- WHAT YOU NEED TO DO: Each line of the records must appear in your answer exactly, with no pictures.

- THE DATA:
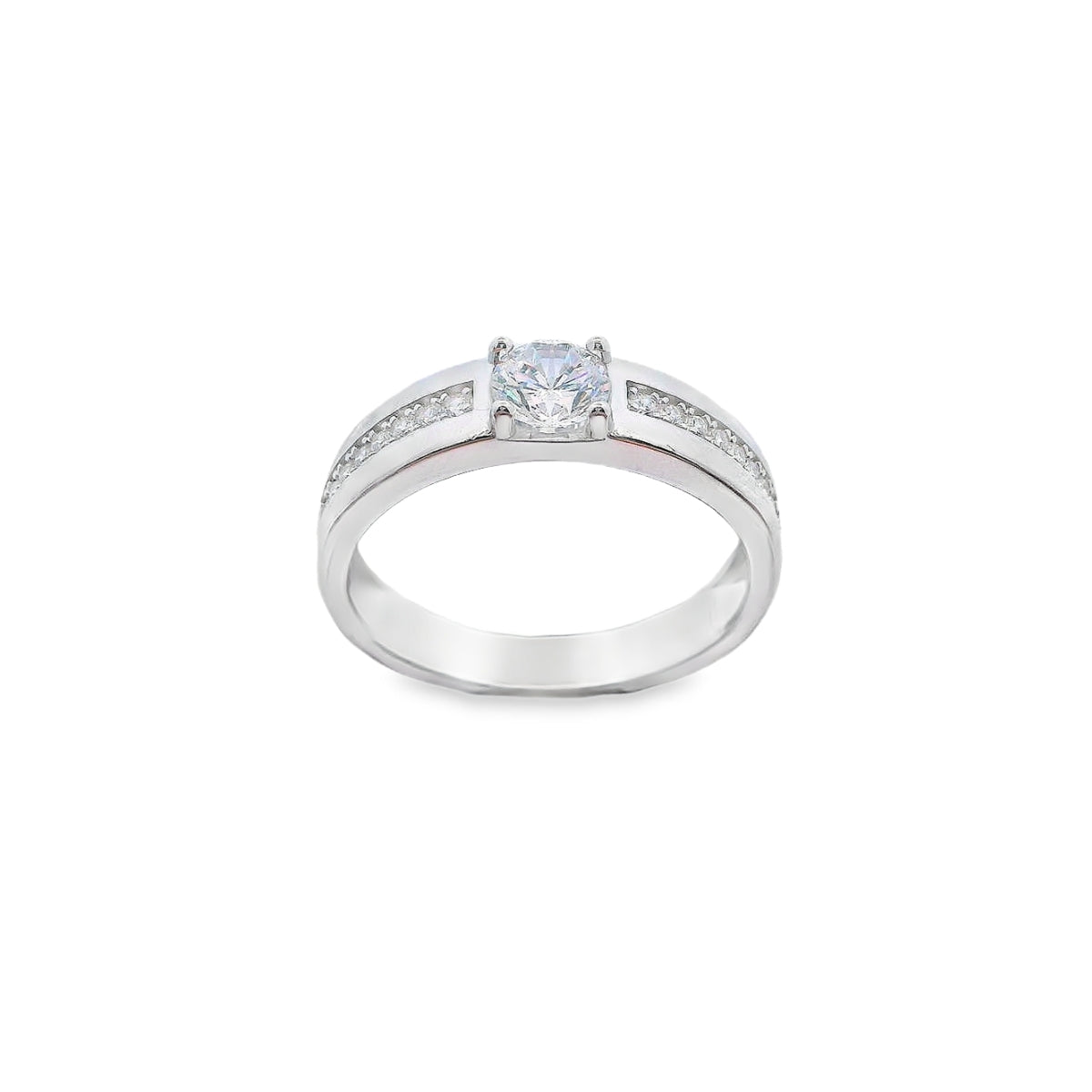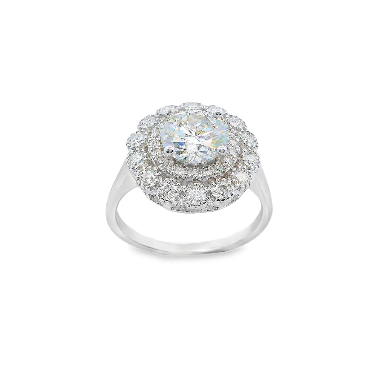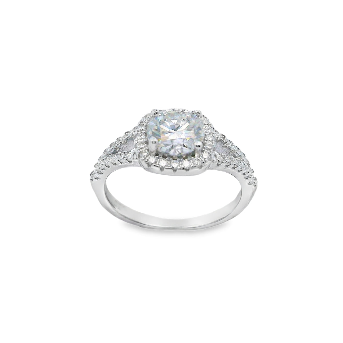 Women 925 Silver Rhodium Ring-Round Moissanite
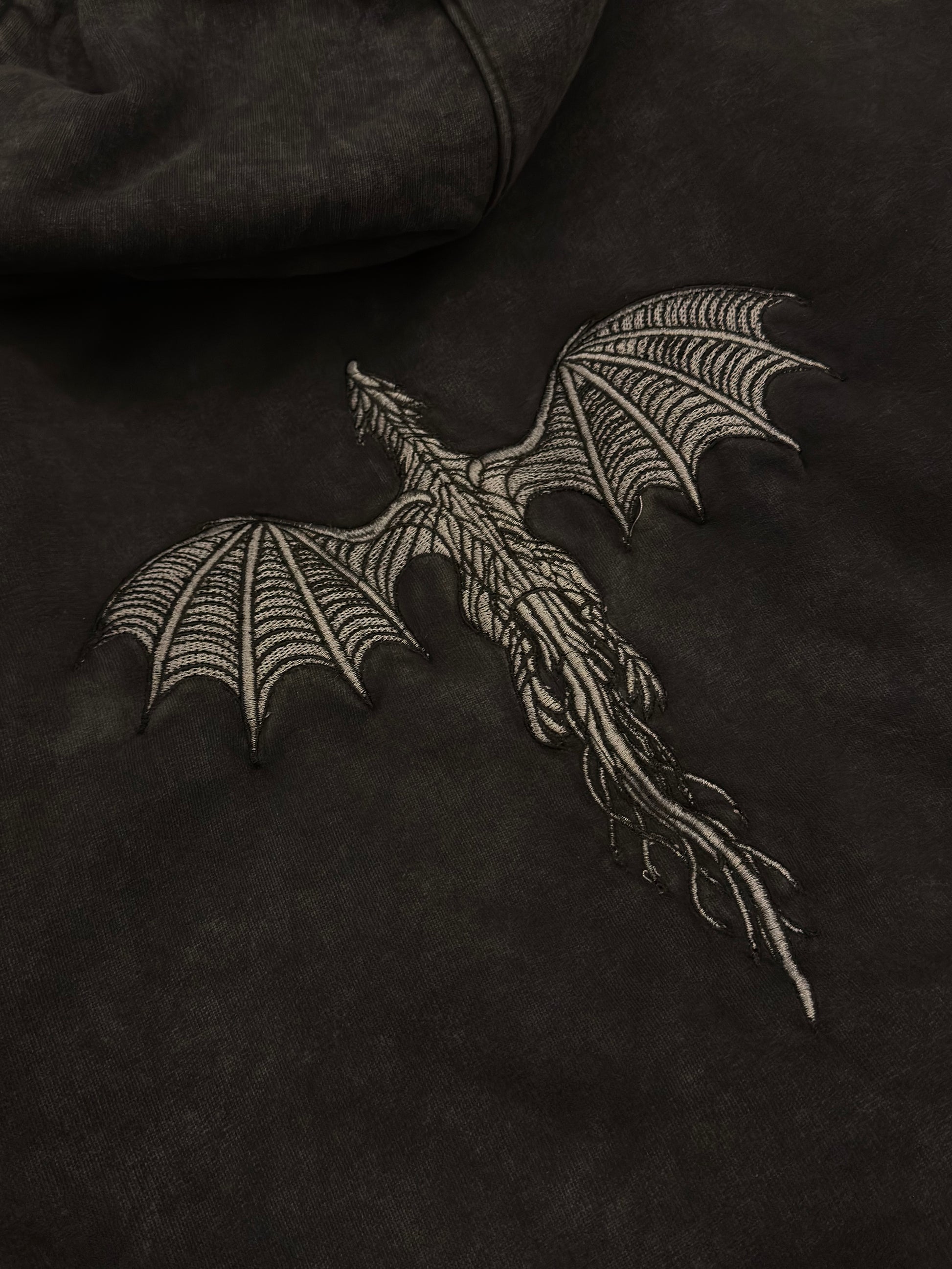 Crafted in a premium washed dark grey finish, this hoodie features a tonal embroidered dragon on the back—subtle, textured, and powerful without being loud. The boxy athletic fit gives you room to move while maintaining a clean, structured silhouette.
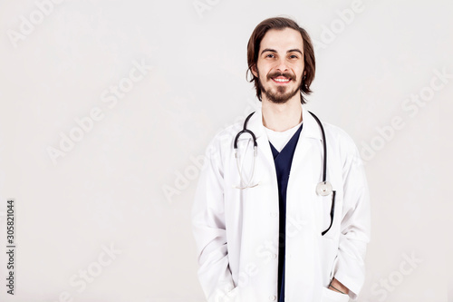 doctor, medicals, medicine, stethoscope, white, health, isolated, hospital, health care, young, portrait, professional, happy, care, woman, photogenic, clinic, confident, people, smile, uniform, nurse, person, coat, standing
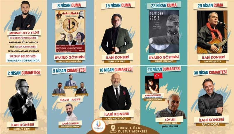 Turgut Özal Kültür merkezinde kurulacak ramazan sofrasında 2019 yılında olduğu gibi bu yıl da iftar yemeği ikram edilecek. Ürgüp Belediyesi Şehit Şenay Aybüke Yalçın Sosyal Tesisi tarafından hazırlanan iftar menüsüyle günlük 600 kişi aynı sofrada iftar yapacak. Ramazan boyunca her gün iftarla birlikte Ürgüp’ün yerel sanatçıları tarafından tasavvuf müziği dinletisi yapılacak. Cuma ve Cumartesi günleri teravih namazının ardından Ezgileriyle gönüllerde taht kuran sanatçılar Mustafa Cihat, Seyfullah Çakmak, Eşref Ziya Terzi, Halil Necipoğlu, Aykut Kuşkaya, Fatih Koca Ürgüp Belediyesi Turgut Özal Kültür Merkezindeki ramazan sahnesinde izleyiciyle buluşacak. Üç ayların başlangıcında Ürgüp’te dillere destan bir program yapan dünya birincisi hafızlar Mustafa Alphayta, Alp can Çelik ve Hüseyin Akbulut Ramazanda da yine tilavet ve kaside programıyla Ürgüp’te olacak. Televizyon dizilerinin Ömer Baba’sı, Usta tiyatro ve sinema oyuncusu Emin Olcay, Devlet tiyatrosu oyuncularından ünlü sinema, dizi ve seslendirme sanatçısı Cem Kurtoğlu gibi isimleri bir araya getiren ’Aşk-ı Hak - Yunus Olmak’ adlı gösteri Yunus Emre nefeslerinden hazırlanmış ilahi ve ezgileri çok usta müzisyen ve oyuncularla Ürgüp Belediyesi ramazan etkinlikleri kapsamında sahneye taşınacak. Ahmet Yenilmez 1071’den 2023’e adlı tek perdelik Meddah tiyatrosu ile Ürgüp’te sevenleriyle buluşurken, Nurullah Genç de ’Şehir, Şiir, Şuur’ adlı söyleşi ile Ürgüp’te unutulmaz bir ramazan gecesi yaşatacak. Tüm programların moderatörlüğünü de Radyo 7’nin başarılı sunucularından Mehmet Zeyd Yıldız yapacak.
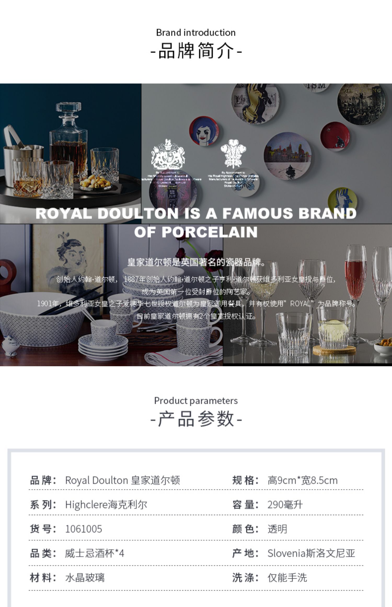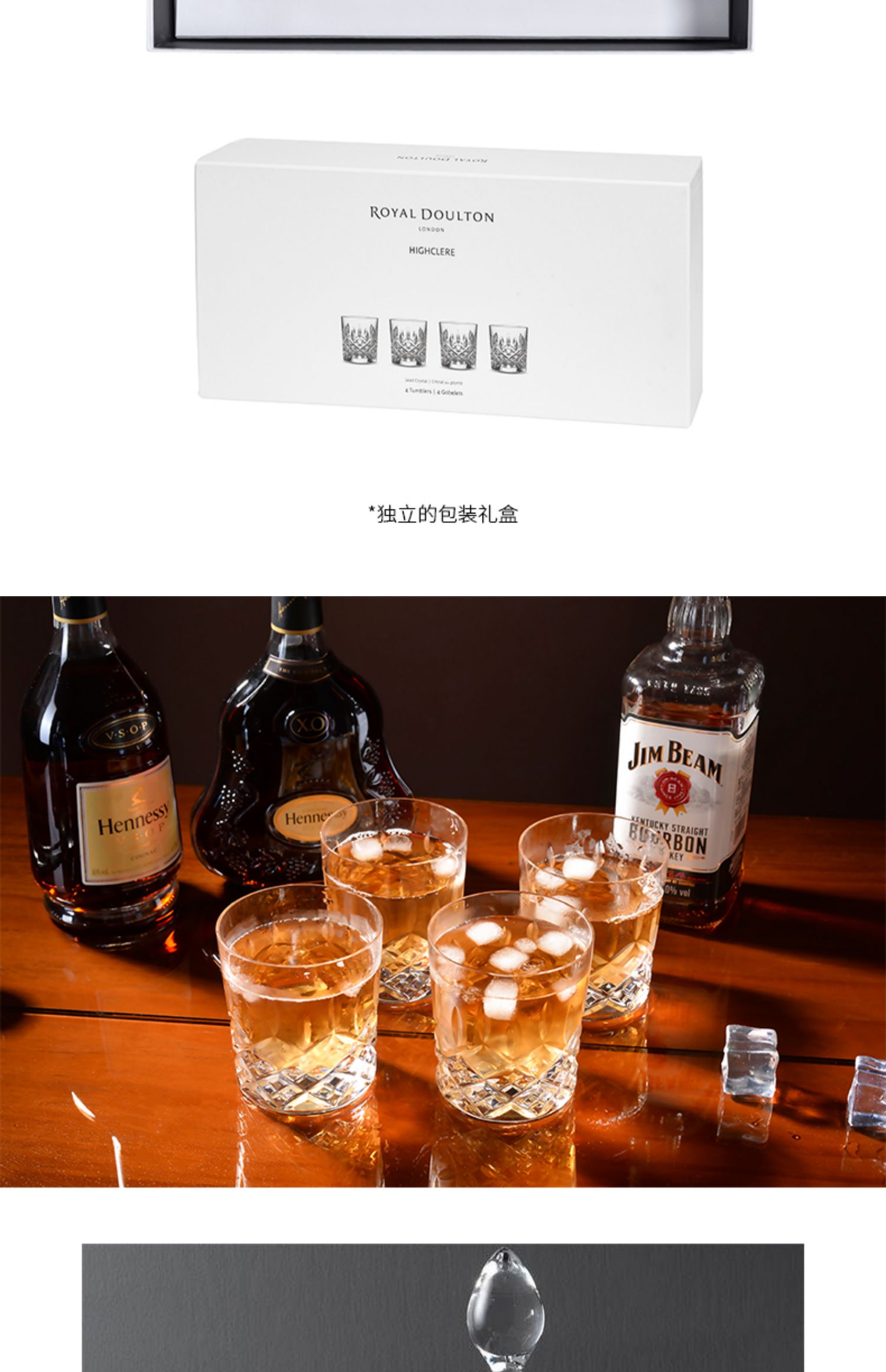 Royal Doulton 海克利尔烈酒杯四件套 水晶玻璃酒杯 威士忌酒杯朗姆酒杯
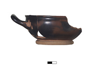 | Description: | Almost half preserved, with one handle and full profile. Spreading ring foot, concave lip. Reserved: underside of foot except for large central dot, outside of foot, inner part of handle and handle panel. Mottled black glaze. Dark, orangey clay. Similar to P 32482 (ca. 500-480 B.C). | |
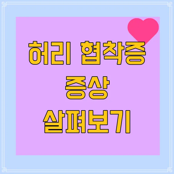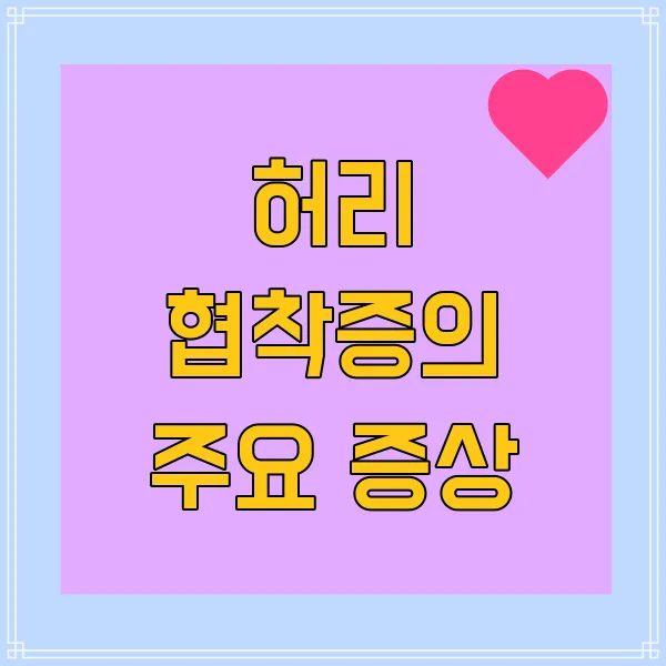 우선 허리 협착증의 가장 주요한 증상은 통증이에요! 허리 통증은 보통 둔하고 지속적으로 나타나며, 특정 자세를 취했을 때 더욱 악화될 수 있답니다. 예를 들어, 장시간 서 있거나 걸어다닐 때 통증이 더욱 심해지는 경우가 많아요. 😩 특히, 평소에 활발히 움직이던 분들이 이 통증 때문에 일상 생활이 힘들어지실 수 있죠.
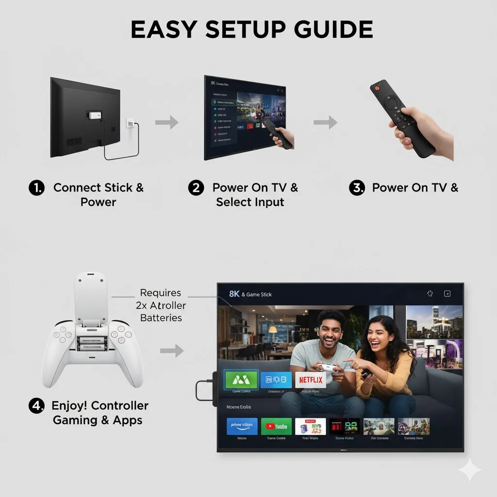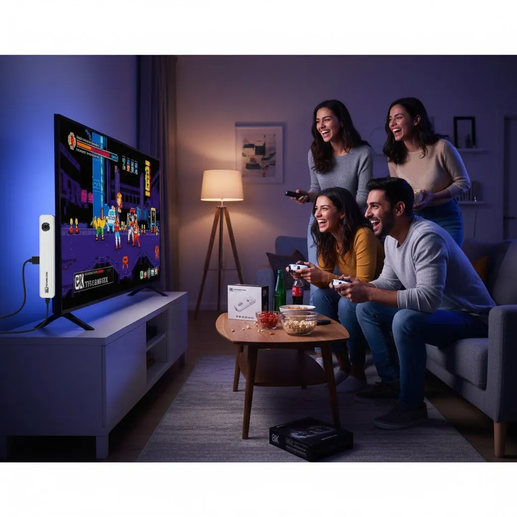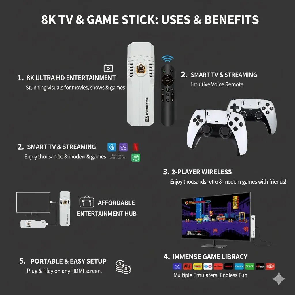 It boasts an extensive library of over 40,000 classic games from popular consoles like PSP, PS1, N64, MAME, and more, all stored on the included 64GB TF card. Powered by the efficient Allwinner H313 Quad-core processor and 2GB RAM, the stick ensures stable emulation and smooth media playback. The cutting-edge HDMI 2.1 output supports breathtaking 8K resolution at 30fps and crystal-clear 4K at 60fps, bringing new life to classic pixel art. The package includes two 2.4G wireless controllers and often a voice remote control, making it the ultimate multi-functional, plug-and-play entertainment center for the whole family.
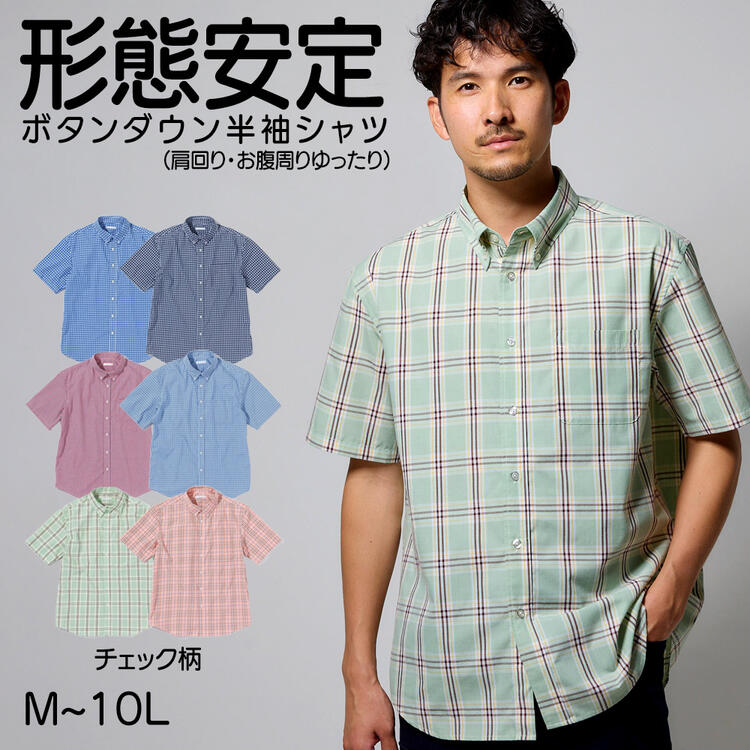 カジュアルシャツ 半袖 形態安定 チェック柄 ボタンダウン 肩まわりお腹ゆったり セルフフィット 消臭テープ付 すっきりシルエットに見せる! M-10L 大きいサイズ メンズ ニッセン
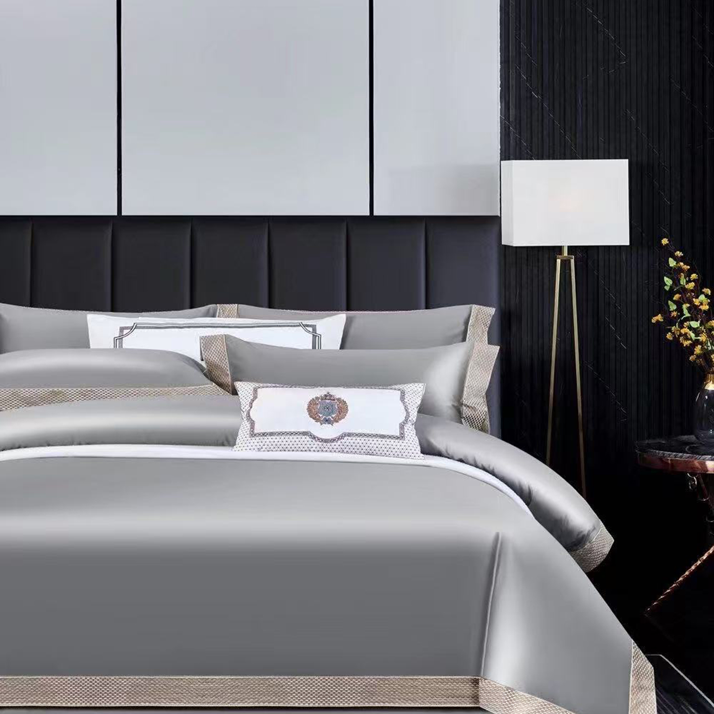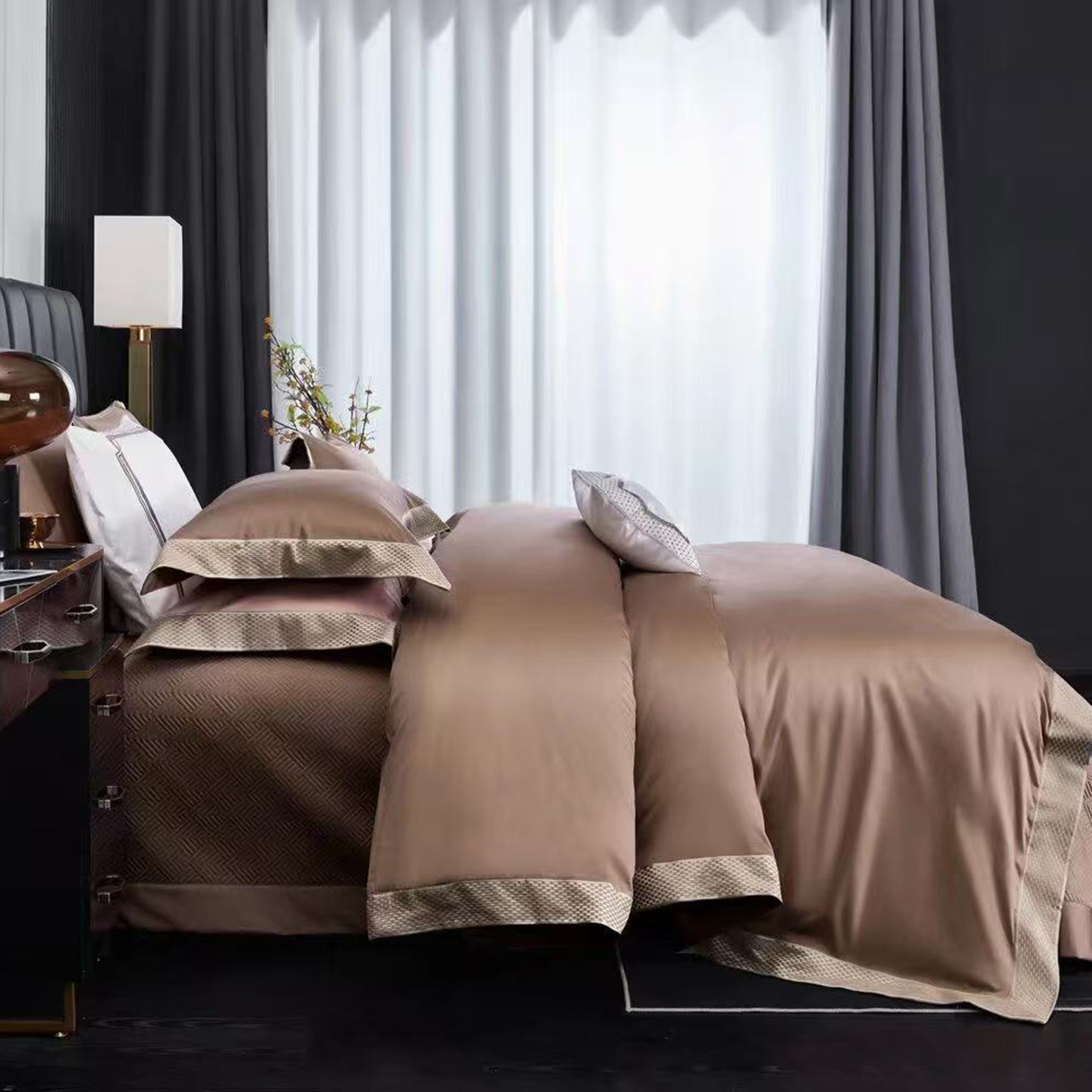 (总)edra 2026新款真丝天丝轻奢提花床盖款四件套-繁花,繁花-深灰,繁花-银灰

- ANSWER SPACE:
 Women 925 Silver Rhodium Ring-Round Moissanite
 Crafted in a premium washed dark grey finish, this hoodie features a tonal embroidered dragon on the back—subtle, textured, and powerful without being loud. The boxy athletic fit gives you room to move while maintaining a clean, structured silhouette.
 doctor, medicals, medicine, stethoscope, white, health, isolated, hospital, health care, young, portrait, professional, happy, care, woman, photogenic, clinic, confident, people, smile, uniform, nurse, person, coat, standing
 Turgut Özal Kültür merkezinde kurulacak ramazan sofrasında 2019 yılında olduğu gibi bu yıl da iftar yemeği ikram edilecek. Ürgüp Belediyesi Şehit Şenay Aybüke Yalçın Sosyal Tesisi tarafından hazırlanan iftar menüsüyle günlük 600 kişi aynı sofrada iftar yapacak. Ramazan boyunca her gün iftarla birlikte Ürgüp’ün yerel sanatçıları tarafından tasavvuf müziği dinletisi yapılacak. Cuma ve Cumartesi günleri teravih namazının ardından Ezgileriyle gönüllerde taht kuran sanatçılar Mustafa Cihat, Seyfullah Çakmak, Eşref Ziya Terzi, Halil Necipoğlu, Aykut Kuşkaya, Fatih Koca Ürgüp Belediyesi Turgut Özal Kültür Merkezindeki ramazan sahnesinde izleyiciyle buluşacak. Üç ayların başlangıcında Ürgüp’te dillere destan bir program yapan dünya birincisi hafızlar Mustafa Alphayta, Alp can Çelik ve Hüseyin Akbulut Ramazanda da yine tilavet ve kaside programıyla Ürgüp’te olacak. Televizyon dizilerinin Ömer Baba’sı, Usta tiyatro ve sinema oyuncusu Emin Olcay, Devlet tiyatrosu oyuncularından ünlü sinema, dizi ve seslendirme sanatçısı Cem Kurtoğlu gibi isimleri bir araya getiren ’Aşk-ı Hak - Yunus Olmak’ adlı gösteri Yunus Emre nefeslerinden hazırlanmış ilahi ve ezgileri çok usta müzisyen ve oyuncularla Ürgüp Belediyesi ramazan etkinlikleri kapsamında sahneye taşınacak. Ahmet Yenilmez 1071’den 2023’e adlı tek perdelik Meddah tiyatrosu ile Ürgüp’te sevenleriyle buluşurken, Nurullah Genç de ’Şehir, Şiir, Şuur’ adlı söyleşi ile Ürgüp’te unutulmaz bir ramazan gecesi yaşatacak. Tüm programların moderatörlüğünü de Radyo 7’nin başarılı sunucularından Mehmet Zeyd Yıldız yapacak.
 Royal Doulton 海克利尔烈酒杯四件套 水晶玻璃酒杯 威士忌酒杯朗姆酒杯
 | Description: | Almost half preserved, with one handle and full profile. Spreading ring foot, concave lip. Reserved: underside of foot except for large central dot, outside of foot, inner part of handle and handle panel. Mottled black glaze. Dark, orangey clay. Similar to P 32482 (ca. 500-480 B.C). | |
 우선 허리 협착증의 가장 주요한 증상은 통증이에요! 허리 통증은 보통 둔하고 지속적으로 나타나며, 특정 자세를 취했을 때 더욱 악화될 수 있답니다. 예를 들어, 장시간 서 있거나 걸어다닐 때 통증이 더욱 심해지는 경우가 많아요. 😩 특히, 평소에 활발히 움직이던 분들이 이 통증 때문에 일상 생활이 힘들어지실 수 있죠.
 It boasts an extensive library of over 40,000 classic games from popular consoles like PSP, PS1, N64, MAME, and more, all stored on the included 64GB TF card. Powered by the efficient Allwinner H313 Quad-core processor and 2GB RAM, the stick ensures stable emulation and smooth media playback. The cutting-edge HDMI 2.1 output supports breathtaking 8K resolution at 30fps and crystal-clear 4K at 60fps, bringing new life to classic pixel art. The package includes two 2.4G wireless controllers and often a voice remote control, making it the ultimate multi-functional, plug-and-play entertainment center for the whole family.
 カジュアルシャツ 半袖 形態安定 チェック柄 ボタンダウン 肩まわりお腹ゆったり セルフフィット 消臭テープ付 すっきりシルエットに見せる! M-10L 大きいサイズ メンズ ニッセン
 (总)edra 2026新款真丝天丝轻奢提花床盖款四件套-繁花,繁花-深灰,繁花-银灰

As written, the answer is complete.